In recent years, NBA officials have rewritten the rulebook, hoping to eliminate offensive players lunging into a jumping defender and, more recently, penalize take fouls (fouls on would-be open runs to the basket). These changes come from a surface-level view of the NBA — essentially reducing fouls that look funky — without looking at what combination of factors leads to more fouls. Understanding the combination of factors that lead to fouls can allow the NBA to create rule changes that truly reduce fouls and, in turn, increase pace of play.
Data & Methods
The data used in this project required quite a bit of cleaning. I used play-by-play data of 500 regular season games from the 2019–2020 NBA season. Given that the original play-by-play data has one row for every event in a basketball game, condensing the data into a usable form was essential. To do this, I first counted the counting stats as they appeared in the data, adding columns for how many steals, blocks, fouls, etc. had occurred so far. I then took the first value of every minute to further reduce the data without losing much information. To account for time-based differences in counting stats, I converted each of the counting stats to frequencies. This ultimately provided a dataset with a response variable (future foul frequency) and a number of frequencies and shooting percentages as explanatory variables.
The full set of explanatory variables includes counting stats (points, assists, rebounds, steals, blocks, etc.) and shooting percentages (broken into 2- and 3-pt shots), time remaining, score differential, technical fouls, and past foul frequency. My response variable is future foul rate, defined as the number of fouls in the remainder of the game divided by the time remaining.
I used several different methods, starting with a basic linear regression before doing LASSO, random forest, and XGBoost models. I personally like the predictive power of XGBoost, and find that it can be much more interpretable than similarly powerful methods through SHAP scores. XGBoost did more accurately predict foul rates, so the graphs and insights below come from the XGBoost model.

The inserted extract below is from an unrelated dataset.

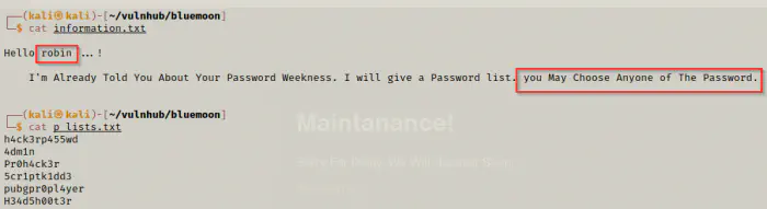 As we can see from above, there might be a user robin who has password from the file p_lists.txt. Previously, we also identified that SSH was open.

What Factors Lead to Higher Foul Rates?
The model used the below graph of SHAP scores to predict future foul rate. As a brief explainer: SHAP scores assign an importance value to each feature in the model. In this graph, minute is the most important variable, followed by score differential and foul frequency to that point in the game. Each dot represents a row in the testing dataset, with its values captured by the colors — purple representing a high value and yellow a lower value.

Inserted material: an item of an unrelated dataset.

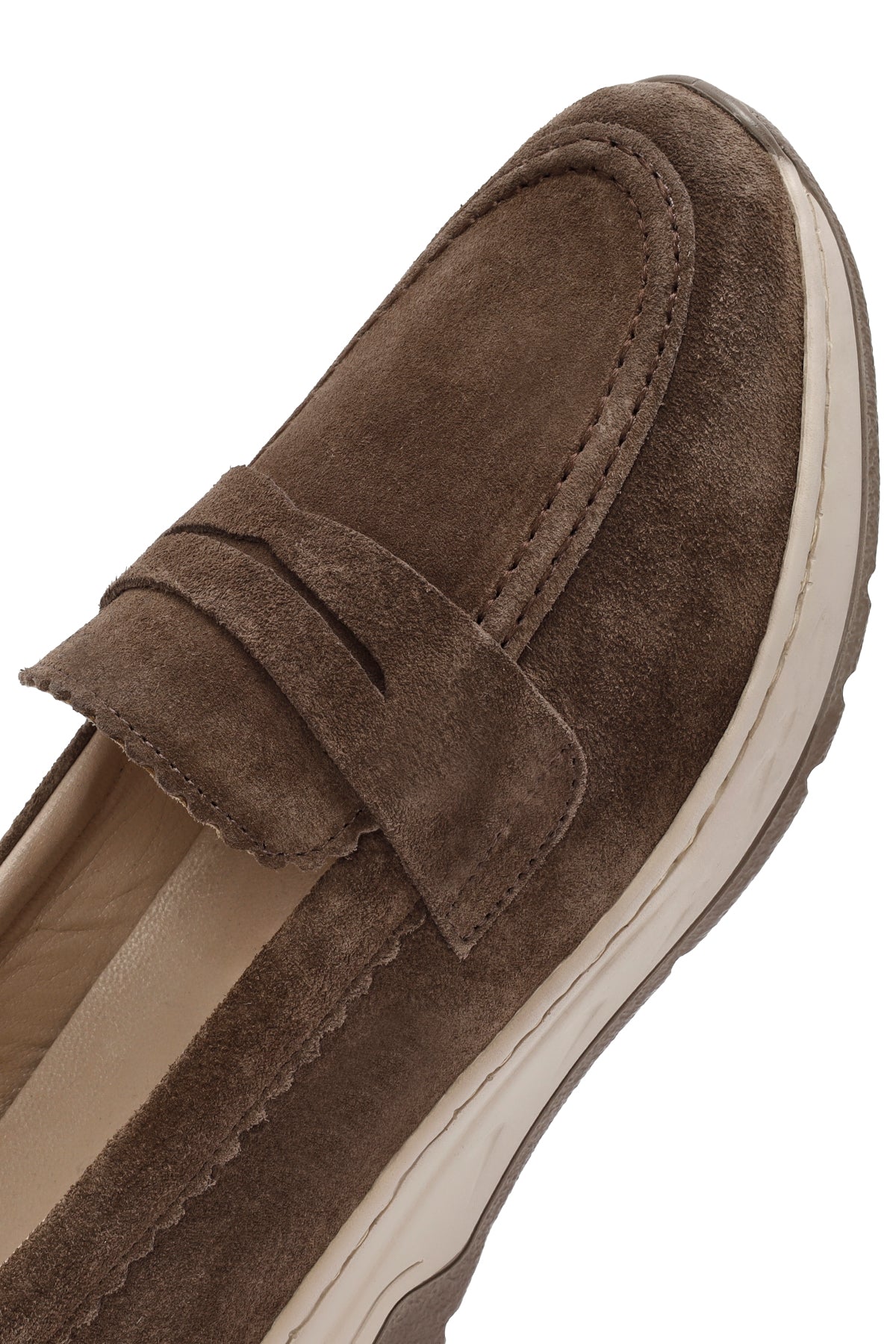 Vizon rengi süet deriden üretilen zarif loafer, modern tasarımı ve konforlu yapısıyla günlük kullanım için ideal bir seçenek sunuyor. 3,5 cm yüksekliğindeki topuğu ile dengeli bir duruş sağlarken, yumuşak süet deri yüzeyi ve deri iç astarı sayesinde maksimum konfor vadediyor. Nötr vizon tonu sayesinde her türlü kıyafetle uyum sağlayan model, sonbahar ve kış aylarında ofis kombinlerinden hafta sonu görünümlerine kadar geniş bir kullanım alanı sunuyor. Özellikle pantolon ve eteklerle kusursuz bir uyum yakalayan bu şık parça, günlük hayatın her anında size eşlik ediyor. Ürün kodu: 24WFD500710

Fouls Are Predictable — But Not Removable
The biggest drivers of higher foul rates are also the two biggest drivers of intensity — a low point differential (more fouls occur in a close game) and middle-to-low time remaining (more fouls are expected during the middle of the game). The start of a game and the last few minutes (when many games are already decided) see the fewest expected fouls.
Expect the most fouls in fast-paced games (those where more shots are being taken) and games with active defenders (higher steal frequency correlates with higher foul frequency). Further, games which have seen a lot of fouls will continue to have a lot of fouls as the game continues to unfold.
Interestingly, many of the factors I looked at were not predictors of foul rate at all. Technical fouls have no impact on the number of fouls called despite theoretically serving as a tranquilizer for misbehaving players and coaches. Blocks, assists, and rebounds (either offensive or defensive) proved to have no impact on foul frequency. Teams shooting well — or poorly — from anywhere on the court is also not a harbinger of higher foul rates.
What This Means for the NBA
The NBA's foul problem might be here to stay — and it will show up the most under the brightest lights, when games are the most intense.
Refs could anticipate the increased intensity (in playoff games, rivalry games, and nationally broadcast games) and call fewer fouls throughout the game, but this could be unpopular for fans of players known to create — and benefit from — a lot of contact by driving to the basket.